HACKER Q&A
📣 jasonjmcghee

What do you use to communicate data analysis?


I’m really curious what people tend to use to communicate the findings of research, analytics, ml experiments, infra costs / errors / usage etc.

Do most people use Google Slides? Or write a doc in Google or Notion? Or send around a notebook?


  👤 rapjr9 Accepted Answer ✓
I preferred to use a web site. If you send data/analysis via email or documents then people lose them, can't find them, ask you to send them again. If it is on a web site they can always find it. If there is new data/analysis they can always find it in the same place. I used password protected pages if we didn't want the data to reach the public. A web site is also great when collaborating with another team or multiple teams across the world. I've used wiki pages also, which makes it somewhat easier to get the data into a presentable format, although not as useful for presentations as the types of formatting are limited. Using a content/version management system (cvs, git) is useful for archiving data and analysis and making sure it is timestamped and unaltered while still making it widely available, though only to people who are comfortable using such systems. Spreadsheets are my least favorite way of sharing data and analysis, they are so limited (try creating a billion row spreadsheet) but were sometimes necessary for generating graphics for papers. Really big datasets or very long time series graphs are a problem unto themselves, they typically can have only one primary residence (with backups) on a dedicated server and custom software to generate and view the analysis. Sending copies usually means sending hard drives. Raw data files are preferable to putting data into databases because you can write very fast code to do data processing. When you inevitably have to reprocess the data it goes quickly, which can be a lifesaver when faced with a deadline. Automatically regenerating the graphs, etc., is really useful also. Real time, live analysis generated from continuously streaming data generally requires something custom and depends on who needs to see the data/graphs.

👤 uptownfunk
Depends on audience - If speed matters then just screen grabs of whatever I'm working in (Jupyter or RStudio) into an Excel workbook

If I have more time and it's more formal, then charts in a PPT

If more technical, then notebook (markdown)


👤 kristenkehrer
Depends on the audience.
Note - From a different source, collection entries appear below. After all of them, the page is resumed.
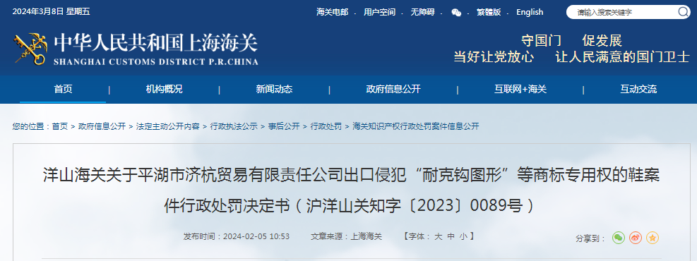 洋山海關(guān)關(guān)于平湖市濟(jì)杭貿(mào)易有限責(zé)任公司出口侵犯“耐克鉤圖形”等商標(biāo)專用權(quán)的鞋案件行政處罰決定書(shū)(滬洋山關(guān)知字〔2023〕0089號(hào))
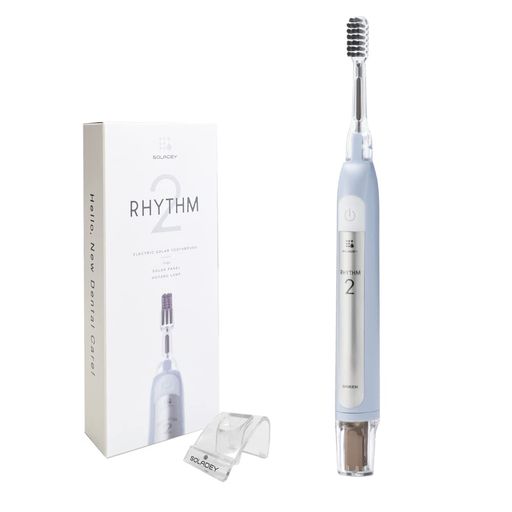 ソラデーリズム SOLADEY RHYTHM 2 (アイスブルー) 電動歯ブラシ スペアブラシ(ハニカムP)+ケース付 音波振動 TIO2半導体/ソーラーパネル内蔵 (シケン)
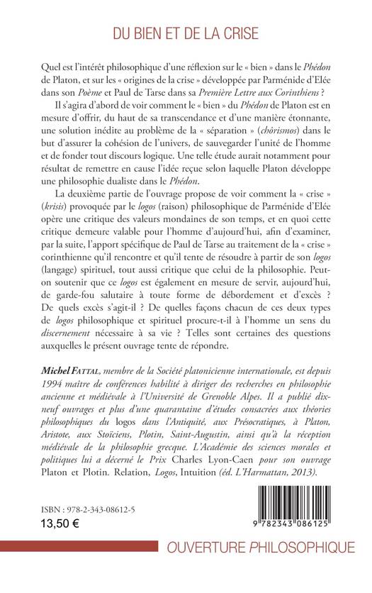 L’intérêt philosophique du présent ouvrage consiste à montrer que la question du Bien évoquée dans le Phédon de Platon va à l’encontre de la conception dualiste que les commentateurs ont soutenu jusqu’à présent. En fait, le Bien du Phédon assurerait l’unité de l’univers et de l’homme, tout en fondant son discours. Par ailleurs, la Crise (séparation) introduite par le logos (raison) philosophique de Parménide et le logos (langage) spirituel de Paul de Tarse apporterait à l’homme un sens critique remettant en cause toute forme de préjugés, et un sens du discernement l’aidant encore aujourd’hui à lutter contre les divisions et les excès pouvant menacer sa vie personnelle et communautaire.
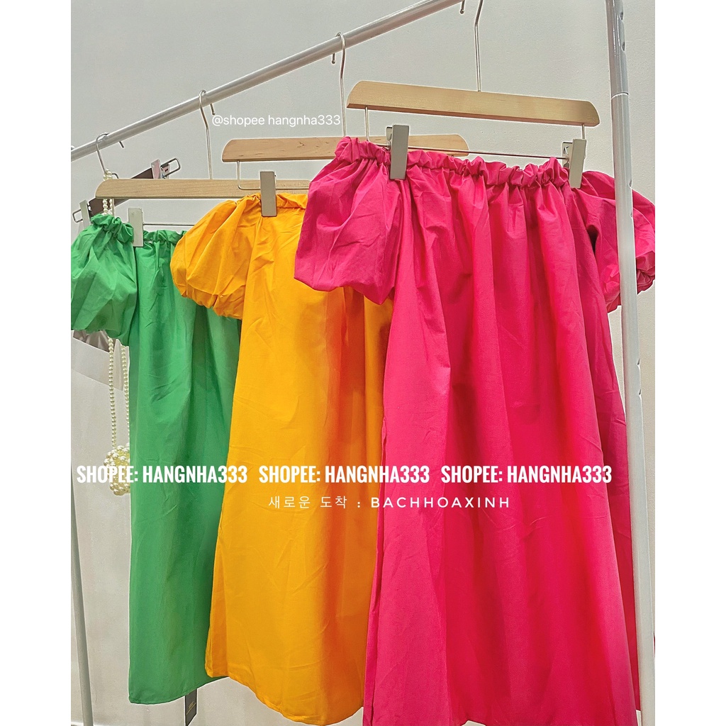 LƯU Ý: BACHHOAXINH CHỈ CÓ DUY NHẤT MỘT GIAN HÀNG NÀY TẠI SHOPEE!! *Ảnh chính chủ BACHHOAXINH - Các shop vui lòng không chèn/đè Logo ạ <3 Bachhoaxinh chào cậu🌹 THÔNG SỐ: Váy dài 73cm, phần chun vai 70~105cm ✨Colours: XANH LÁ - BƠ - HỒNG - CAM Màu nào cũng iu hết khá

Anyone non-technical will see a lovely PPT. Other technical teammates will see my CometML dashboard, but may also see the PPT in addition if there is business impact that has been quantified and needs to be shared. I'd only be sharing a notebook if I was helping someone do something similar, I don't normally do anything fancy with my notebooks.

👤 alexmolas
Depending on the audience I use slides or notebooks. If it's a technical audience and people want to hear the details I use jupyter, because it allows me to mix code, markdown and visualisations. If the audience is only interested in the main results, then I use some slides with the principal results.

👤 jstx1
Is the file format really important?